Jan Stankiewicz Jan Stankiewicz - 1 year ago 69
SQL Question

Join with multiple tables where at least 1 condition is met

Let's say I've got a main table 'Z' with sales, that contains Item_ID, Organisation_ID, Salesman_ID, Area_ID

I need to list items that were sold by one of Salesmen from table A or by Organisation in table B, Or in Area from table C. Area, Organisation and Salesmen are independent from each other.

I was able to create a query using SUBSELECTs in WHERE clause:

Select Z.Item_ID From Z WHERE
Z.Salesman_ID IN (SELECT Salesman_ID From A) OR
Z.Organisation_ID IN (SELECT Organisation_ID From B) OR
Z.Area_ID IN (SELECT Area_ID From C)

However, the performace is an issue, and I was told Joins are faster than Subselects. I can't wrap my mind around combining the joins in a way that would get the results of "OR"...

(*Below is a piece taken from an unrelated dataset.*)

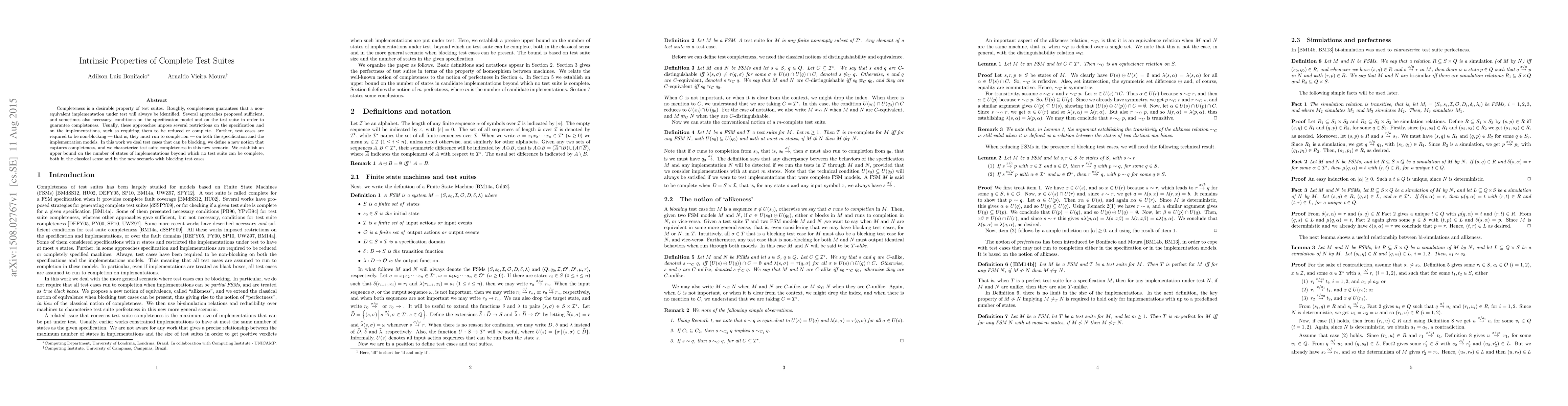 The paper defines a new notion of completeness for test suites that accommodates blocking test cases and characterizes test suite completeness in this context, establishing an upper bound on the size of implementations that can be tested completely.

Sidenote: before posting I've read visual explaination of sql joins, and attempted to find answer to my question via Google (it's tricky to find the right answer based on very common keywords, tho).


A | B | C
S04 | O16 | A07
S12 | O01 | A08
S14 | |
S15 | |

Z table:

I01 S09 O12 A14
I02 S17 O20 A17
I03 S18 O20 A12
I04 S07 O15 A01
I05 S14 O03 A08
I06 S16 O18 A20
I07 S05 O03 A12
I08 S11 O14 A05
I09 S15 O19 A10
I10 S13 O07 A18
I11 S15 O08 A03
I12 S15 O14 A13
I13 S08 O16 A18
I14 S16 O19 A14
I15 S13 O18 A10
I16 S03 O12 A08
I17 S11 O09 A16
I18 S14 O17 A13
I19 S02 O13 A11
I20 S18 O10 A06
I21 S10 O05 A15
I22 S19 O20 A06
I23 S15 O16 A20
I24 S02 O07 A04

Expected result:


Answer Source

As with most performance related questions, it depends a bit on your table schema, indices, data, etc. With that said, often times exists and outer joins can be more efficient:

The should be the equivalent join approach you are referring to:

select z.item_id
from z
   left join a on z.salesman_id = a.salesman_id
   left join b on z.organisation_id = b.organisation_id
   left join c on z.area_id = c.area_id
where a.salesman_id is not null or
   b.organisation_id is not null or
   c.area_id is not null 

Depending on your data, you may also need to use distinct with this.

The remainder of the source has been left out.